● **Task**: Down to the last line, print the data that follows exactly, without its pictures.

::::

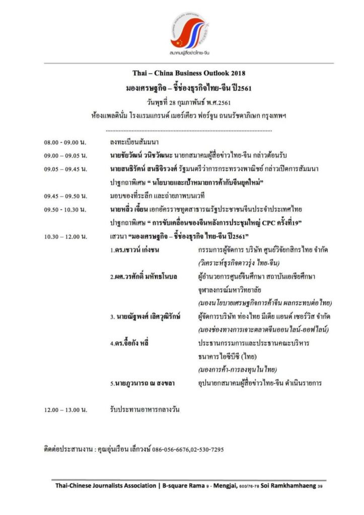 สมาคมผู้สื่อข่าวไทย-จีน จัดสัมมนาวิชา เรื่อง Thai – China Business Outlook 2018 มองเศรษฐกิจ… ชี้ช่องธุรกิจไทย-จีน ปี 2561 ในวันพุธที่ 28 กุมภาพันธ์ 2561 เวลา 08.00-12.00 ณ โรงแรมแกรนด์ เมอร์เคียว ฟอร์จูน ถนนรัชดาภิเษก กรุงเทพฯ
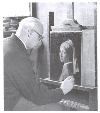 Реставратор Дж.С. Траас работает над «Девушкой с жемчужной сережкой» Вермеера |
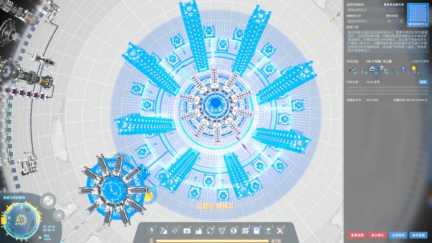 A fully functional scientific research center built on the N/S pole, requiring external supply of all basic Matrices, antimatter and fuel rods. Inner-circle lab towers are in Universe Matrix production mode by default, Outer-circle labs are in research mode, the upper limit of Universe Matrix production rate is 8/s under this setting; all basic research before Universe Matrix can be handled after the inner-circle towers are switched to research mode, the overflow of scientific research capacity under this setting will completely deplete the conveyor belt capacity of supplying basic Matrices.
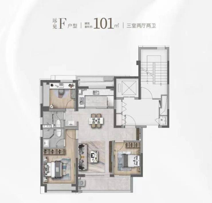 建面约101㎡精装高层、约90-136㎡叠加(毛坯)
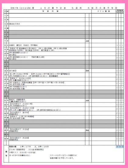 4月の行事予定表を掲載します。こちらをクリックするとご覧いただけます。また、画面上部のタブ『行事予定』をクリックしてもご覧いただけます。↓

::::

● **Answer section**:
 สมาคมผู้สื่อข่าวไทย-จีน จัดสัมมนาวิชา เรื่อง Thai – China Business Outlook 2018 มองเศรษฐกิจ… ชี้ช่องธุรกิจไทย-จีน ปี 2561 ในวันพุธที่ 28 กุมภาพันธ์ 2561 เวลา 08.00-12.00 ณ โรงแรมแกรนด์ เมอร์เคียว ฟอร์จูน ถนนรัชดาภิเษก กรุงเทพฯ
 Реставратор Дж.С. Траас работает над «Девушкой с жемчужной сережкой» Вермеера |
 A fully functional scientific research center built on the N/S pole, requiring external supply of all basic Matrices, antimatter and fuel rods. Inner-circle lab towers are in Universe Matrix production mode by default, Outer-circle labs are in research mode, the upper limit of Universe Matrix production rate is 8/s under this setting; all basic research before Universe Matrix can be handled after the inner-circle towers are switched to research mode, the overflow of scientific research capacity under this setting will completely deplete the conveyor belt capacity of supplying basic Matrices.
 建面约101㎡精装高层、约90-136㎡叠加(毛坯)
 4月の行事予定表を掲載します。こちらをクリックするとご覧いただけます。また、画面上部のタブ『行事予定』をクリックしてもご覧いただけます。↓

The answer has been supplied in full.